[[ Data shown, beginning ]]
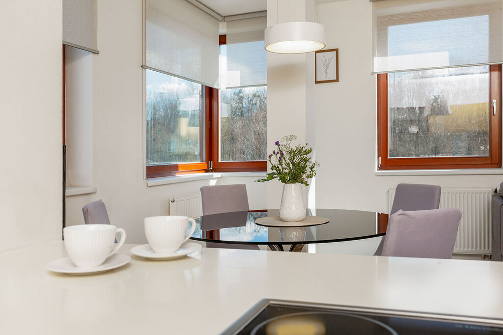 Hned při vstupu do bytu se nachází chodba s vestavěnou skříní, která nabízí dostatek úložného prostoru. Koupelna je vybavená sprchovým koutem, toaletou, umyvadlem s uloženým prostorem a pračkou. Ložnice je disponuje manželskou postelí, komodou, nočními stolky a má přímý vstup na terasu. Hlavní obytný prostor je otevřený a propojuje kuchyňský kout, jídelnu a obývací pokoj. Kuchyňská linka je moderně vybavena troubou, indukční varnou deskou, designovou digestoří, mikrovlnnou troubou a myčkou. V obývací části najdete pohodlnou sedací soupravu, TV stolek, konferenční stolek, komody a jídelní stůl se židlemi. Z této místnosti je rovněž přístup na prostornou terasu s venkovním posezením, která je průchozí i do ložnice.
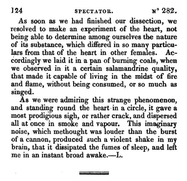 Aussitôt que notre anatomiste eût achevé sa dissection, incapables de nous déterminer sur la nature de ce cœur si différent de celui des autres femmes, nous résolûmes d’en venir à quelques épreuves pour en découvrir la substance : on le mit alors sur des charbons ardents ; mais bien loin de se consumer, il n’en reçut pas la moindre atteinte ; d’où nous conclûmes qu’il tenait de la nature de la Salamandre, et qu’il aurait pu subsister au milieu du feu et des flammes.
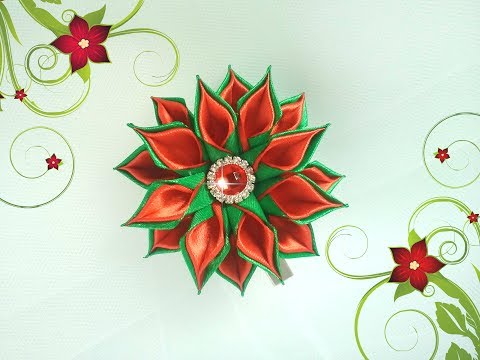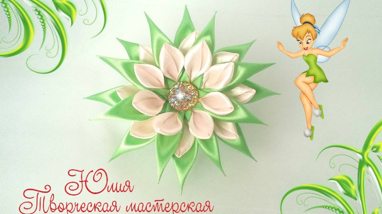 Цветок канзаши с двойными лепестками из лент 2,5 см и 1 см. Мастер-класс
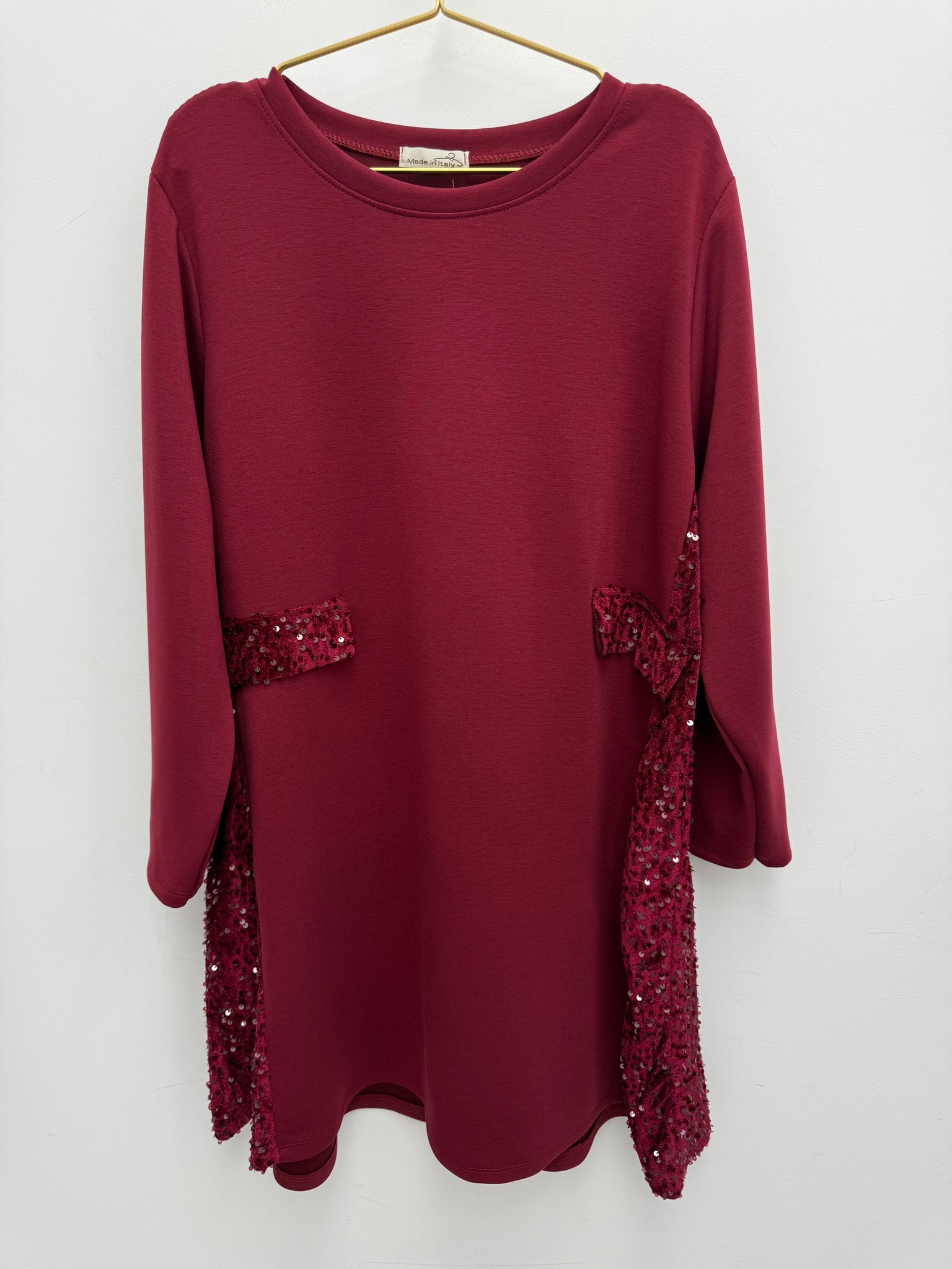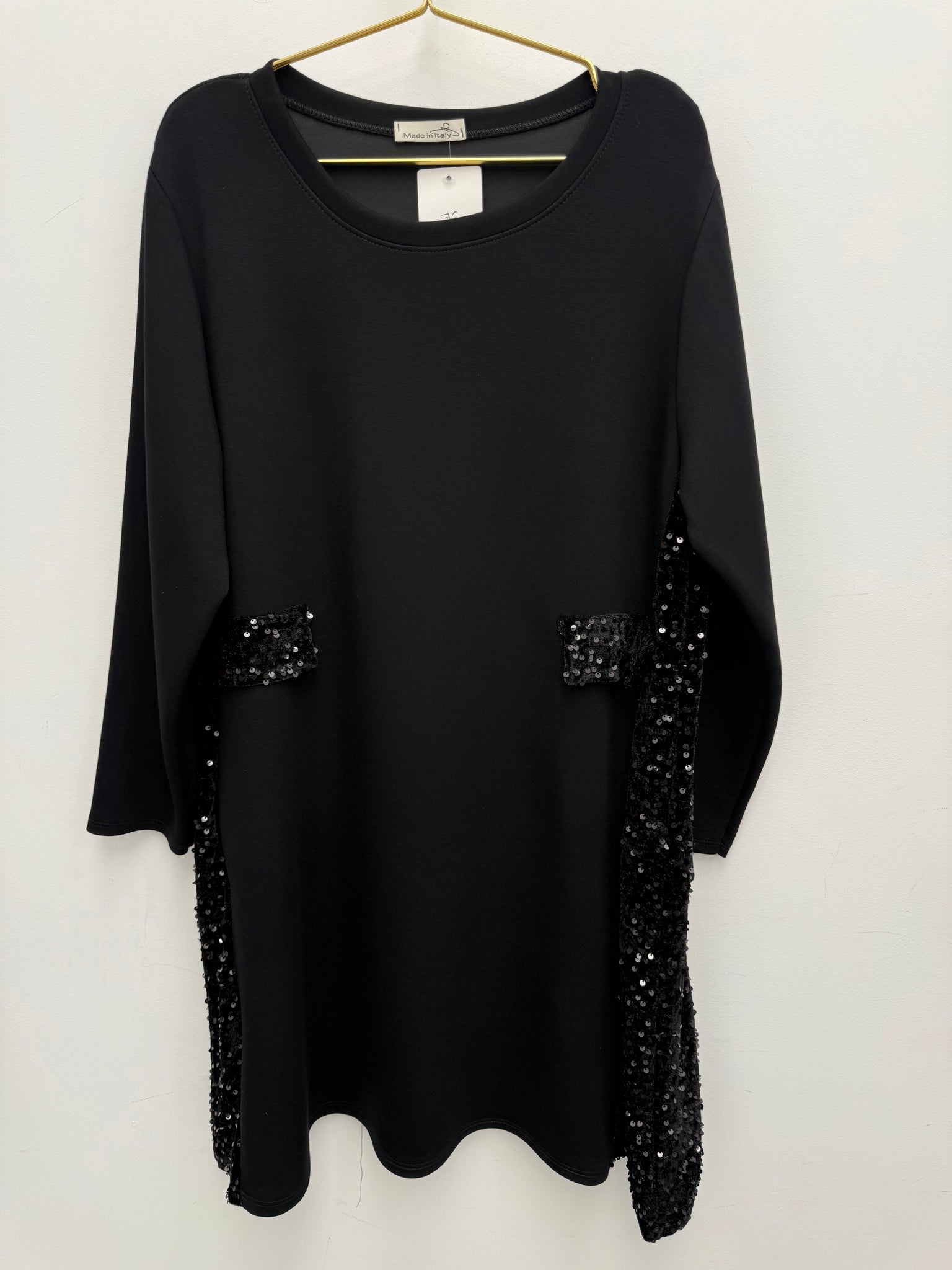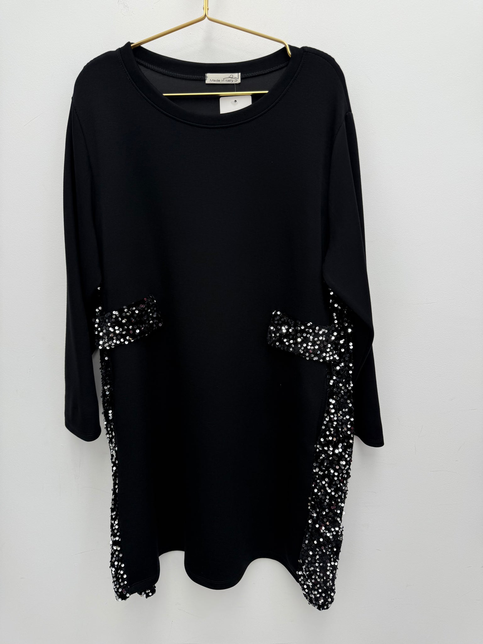 Stunning flattering soft stretch lightweight scuba dress with sequin panels and pockets.
[[ Data shown, end ]]
When a line carries an image, skip the image and repeat everything else above exactly as written.

 Hned při vstupu do bytu se nachází chodba s vestavěnou skříní, která nabízí dostatek úložného prostoru. Koupelna je vybavená sprchovým koutem, toaletou, umyvadlem s uloženým prostorem a pračkou. Ložnice je disponuje manželskou postelí, komodou, nočními stolky a má přímý vstup na terasu. Hlavní obytný prostor je otevřený a propojuje kuchyňský kout, jídelnu a obývací pokoj. Kuchyňská linka je moderně vybavena troubou, indukční varnou deskou, designovou digestoří, mikrovlnnou troubou a myčkou. V obývací části najdete pohodlnou sedací soupravu, TV stolek, konferenční stolek, komody a jídelní stůl se židlemi. Z této místnosti je rovněž přístup na prostornou terasu s venkovním posezením, která je průchozí i do ložnice.
 Aussitôt que notre anatomiste eût achevé sa dissection, incapables de nous déterminer sur la nature de ce cœur si différent de celui des autres femmes, nous résolûmes d’en venir à quelques épreuves pour en découvrir la substance : on le mit alors sur des charbons ardents ; mais bien loin de se consumer, il n’en reçut pas la moindre atteinte ; d’où nous conclûmes qu’il tenait de la nature de la Salamandre, et qu’il aurait pu subsister au milieu du feu et des flammes.
 Цветок канзаши с двойными лепестками из лент 2,5 см и 1 см. Мастер-класс
 Stunning flattering soft stretch lightweight scuba dress with sequin panels and pockets.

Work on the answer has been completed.